O polo governamental acaba de dar uma cartada, a meu ver, acertada: fixar-se no apoio dos evangélicos, já que as pesquisas apontam para Bolsonaro, uma certa impossibilidade de superar mais de 28% ou 30% de apoio da população. Mais vale um pássaro na mão do que dois voando, pensam eles. A ultradireita, sustentadora do retrocesso histórico atual, não brinca com ousadias. Contenta-se com o que foi adquirido.

O outro polo, da esquerda, padece de uma profunda perda de unidade e parece caminhar perplexa, sem horizontes. Ciro Gomes insiste na sua candidatura, agora a última certamente, numa contraposição robusta contra o PT, que não abre mão de um papel hegemônico, que ele insiste em ter mesmo com Lula na prisão e apesar do antipetismo que perdura sem macular a imagem do ex-presidente trabalhador, que mudou os rumos da política brasileira.

Essa nova “bipolarização” tende a se propagar pelo País. Em Contagem ela já está bem desenhada, apesar de inúmeros nomes que se anunciam para disputar a prefeitura. No polo bolsonarista, dois nomes filiados ao PSL estão claramente colocados na praça: o deputado federal e ex-vereador Léo Mota e o deputado estadual, ex-presidente da Câmara Municipal, professor Irineu.
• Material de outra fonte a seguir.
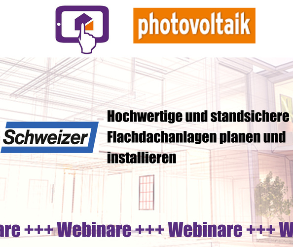 Im gemeinsamen Webinar der Ernst Schweizer AG, photovoltaik und haustec.de erklären Hanspeter Weiss von Schweizer, der Windgutachter Prof. Dr.-Ing. Hans Ruscheweyh und Jens Helmich von Schweizer, wie qualitativ hochwertige Solaranlagen auf Flachdächern standsicher und preiswert geplant und errichtet werden. Dauer: 1,5 Stunden.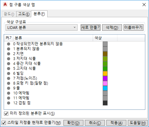 - 화면표시 관리자에서 스타일을 지정하려는 점 구름 도면층을 마우스 오른쪽 버튼으로 클릭한 다음 스타일 설정을 선택합니다. 점 구름 색상 맵 대화상자에서 광도, 고도 및 분류 탭으로 이동하여 드롭다운에서 색상 구성표를 선택합니다.

Um dos dois nomes pré-candidatos, certamente disputará para a eleição para prefeito.

No polo oposto, a volta de Marília Campos está se consolidando, dada a sua popularidade pessoal, apesar do desgaste de PT. Uma conjuntura econômica desfavorável sem Lula e sem Dilma para administrar e também sem o apoio do governo estadual e federal!

Fatores pouco animadores, mas que certamente não intimidam uma mulher guerreira que foi capaz de colocar no topo do pódio político da cidade, superando lideranças políticas masculinas, dentro e fora do seu PT – com sua têmpera petista pessoal, esquerdista e voluntarista.

Na medida em que os dois polos forem se fortalecendo (essa é a expectativa), vai se abrindo um vazio político intermediário, talvez significativo a ser ocupado por partidos e candidatos, que absorvam um vasto campo de eleitores que não quer votar com Bolsonaro mas também rejeita o PT.

É uma interrogação em Contagem o papel que poderão desempenhar nas próximas eleições partidos como: Psol, PSTU, PR, PSB, Rede, PV, Solidariedade, PDT e PCO. Outra interrogação mais intrigante é o que farão o PMDB de Newton Júnior e seu pai, e o atual prefeito Alex de Freitas com seus seguidores e com a máquina de governo em suas mãos.

Nomes de pré-candidatos é o que não faltam nos ônibus, nos táxis e ubers, no metrô e sobretudo nos botecos da vida e da política de Contagem. O que falta é uma proposta de projeto para Contagem a ser oferecida aos eleitores, avançando na construção democrática, na participação popular, especialmente nos conselhos comunitários, na opção e empenho pela libertação dos mais pobres, pelo atendimento real das Vilas e Favelas, pelo incremento da educação popular, a escolha inteligente e não oportunista de um vice, pelo combate à violência com mais segurança e melhor transporte, maior apoio aos Arturos e organizações nitidamente do lado do povo, inclusive sindicatos, cooperativas, comunidades de bairro e eclesiais.

Só assim partidos e políticos conseguirão sensibilizar a larga faixa de eleitores desencantados que não pretendem mais votar em ninguém. Especialmente em candidatos de Bolsonaro e do PT. E não são poucos… Aqueles com projeto, podem pesar nas eleições.